──────── Collected data

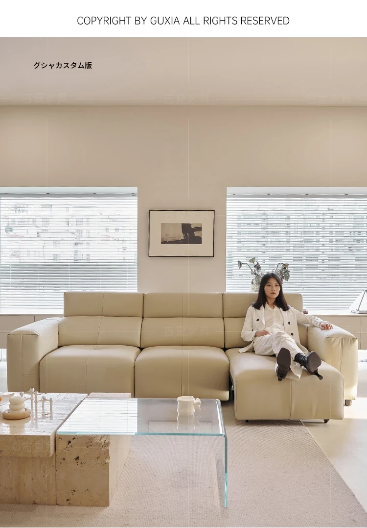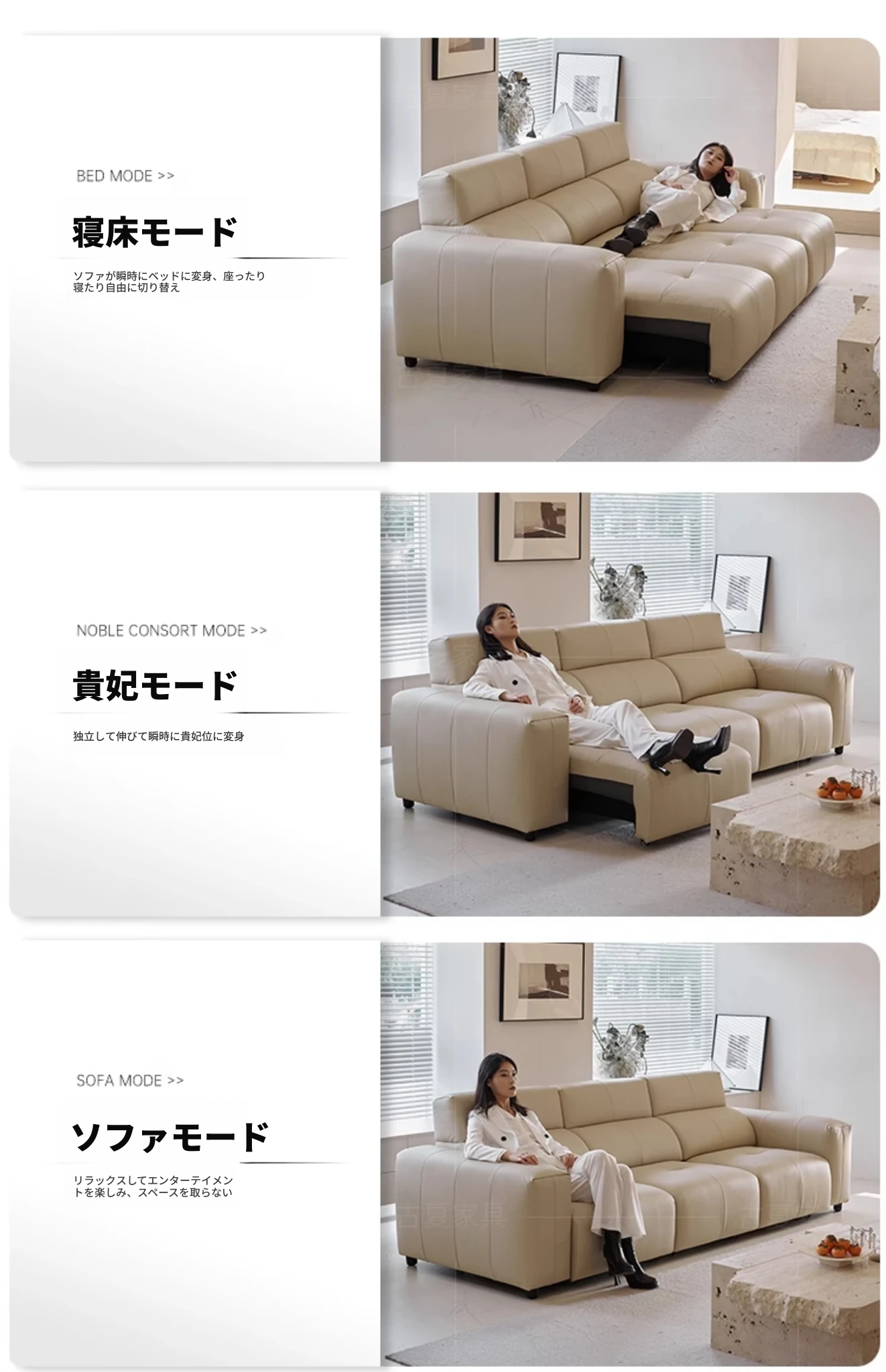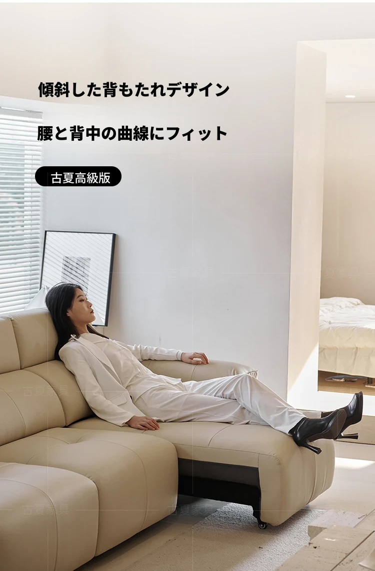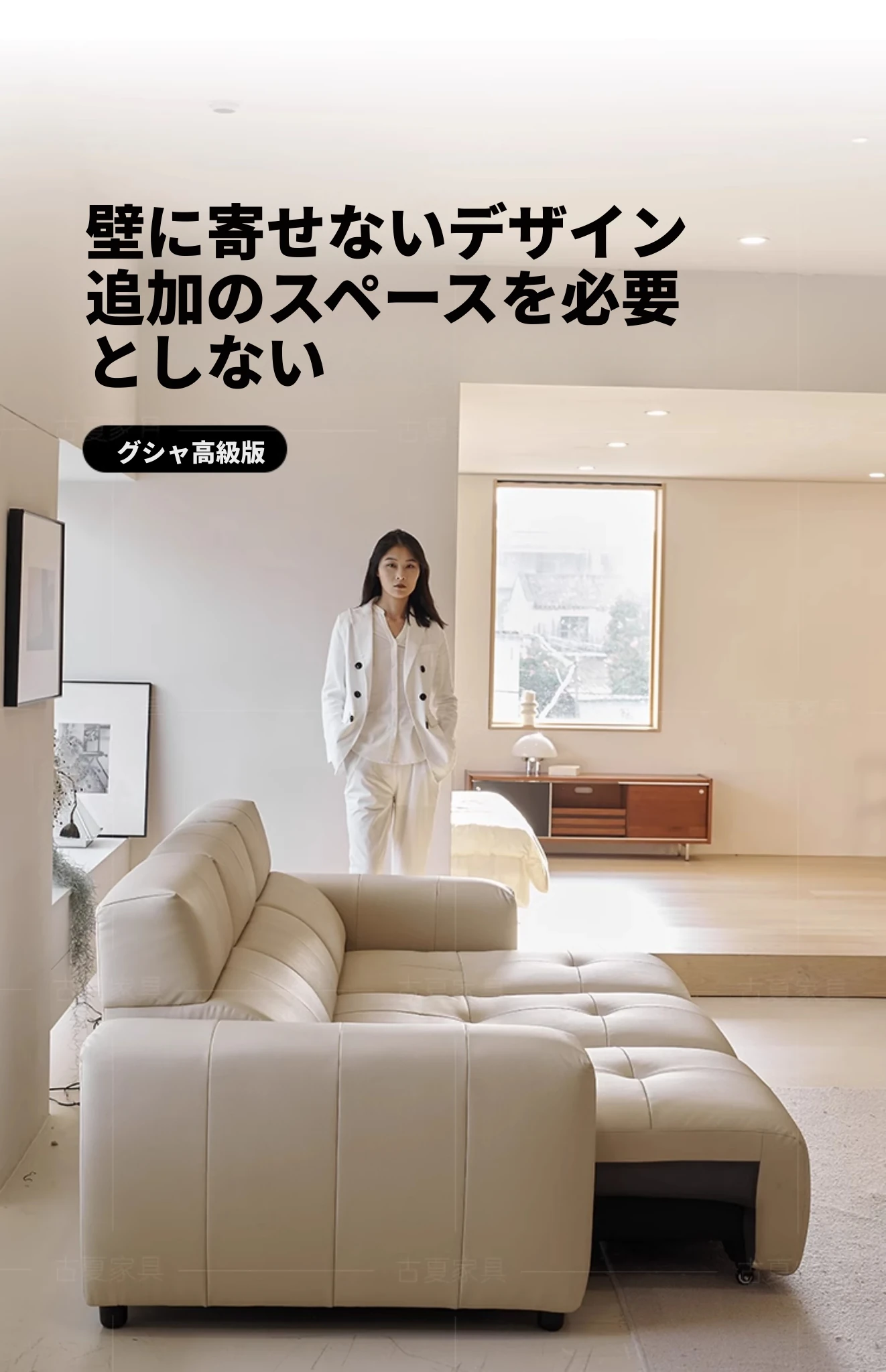 イタリアンミニマルデザインの高級リクライニング電動ソファ - 壁にぴったりフィットする本革製、機能的でスタイリッシュなソファベッド!快適さと美しさを兼ね備えたリビングルームの必需品。
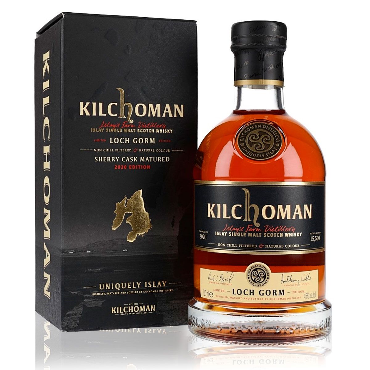 Kilchoman Loch Gorm es un whisky escocés de malta única que proviene de la destilería Kilchoman, ubicada en la isla de Islay. Se caracteriza por su rica complejidad, con notas de turba, frutas secas y un toque de chocolate oscuro. Loch Gorm es conocido por su envejecimiento en barricas de jerez Oloroso, que le aportan un carácter afrutado y ahumado.
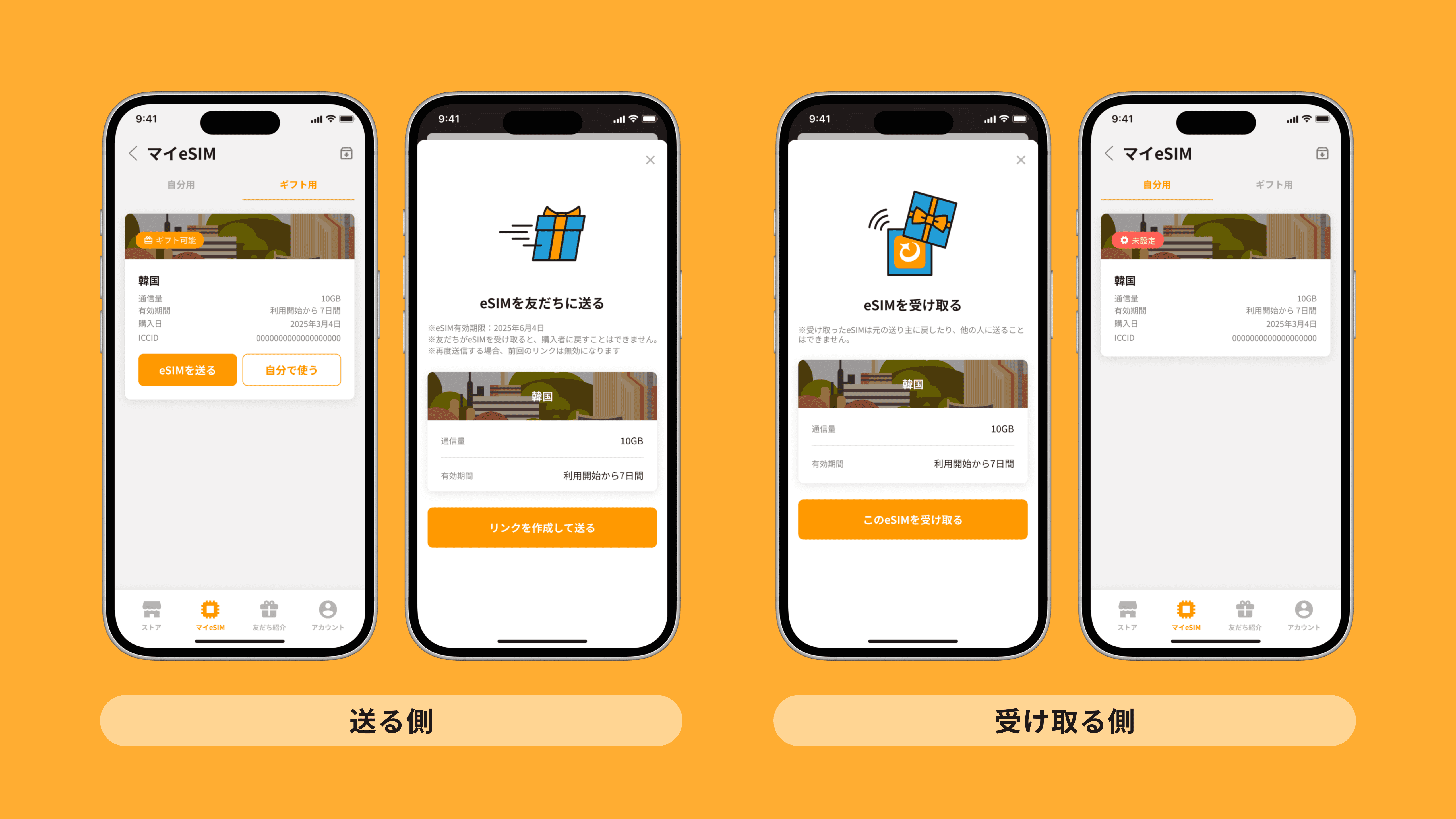 まとめて購入したeSIMのうち1つは自分用として利用し、残りは友だちや家族に専用リンクを送るだけで簡単に渡すことができます。
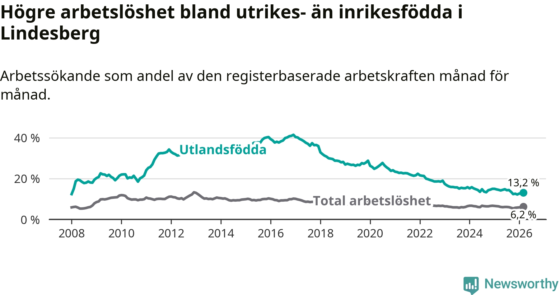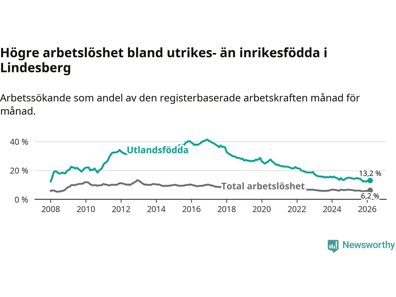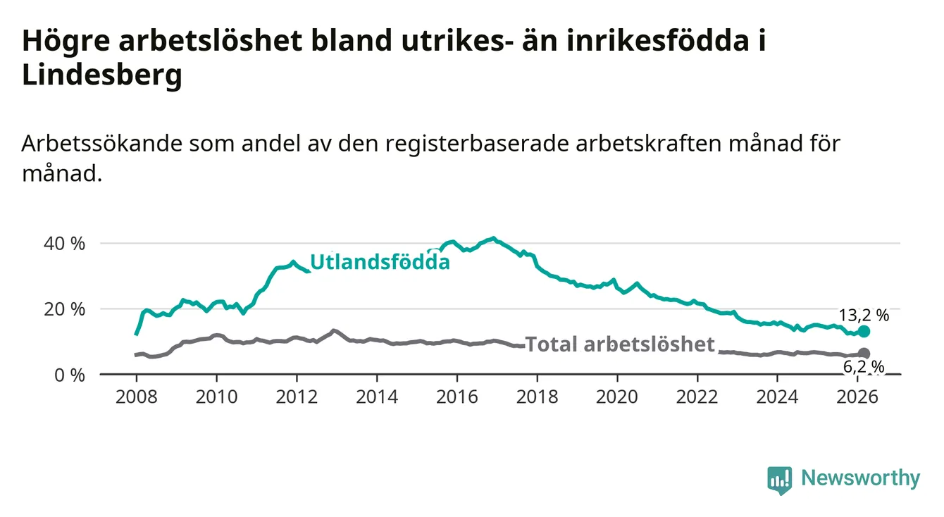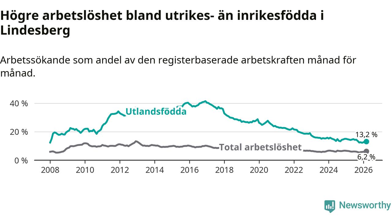 Arbetslösheten bland utlandsfödda var 13,2 procent i Lindesberg under mars månad, motsvarande 252 av 1 909 personer. Det är 1,3 procentenheter färre än vid samma tidpunkt i fjol (−26 om man räknar personer). Därmed är de utlandsföddas arbetslöshet lägre än vid samma tidpunkt i fjol för sjätte månaden i följd.

────────────────

Exercise directions = Here the lines from the one containing "まとめて購入したeSIMのう" through the end of the material are to be copied exactly, with the pictures omitted.

Exercise answer =
 まとめて購入したeSIMのうち1つは自分用として利用し、残りは友だちや家族に専用リンクを送るだけで簡単に渡すことができます。
 Arbetslösheten bland utlandsfödda var 13,2 procent i Lindesberg under mars månad, motsvarande 252 av 1 909 personer. Det är 1,3 procentenheter färre än vid samma tidpunkt i fjol (−26 om man räknar personer). Därmed är de utlandsföddas arbetslöshet lägre än vid samma tidpunkt i fjol för sjätte månaden i följd.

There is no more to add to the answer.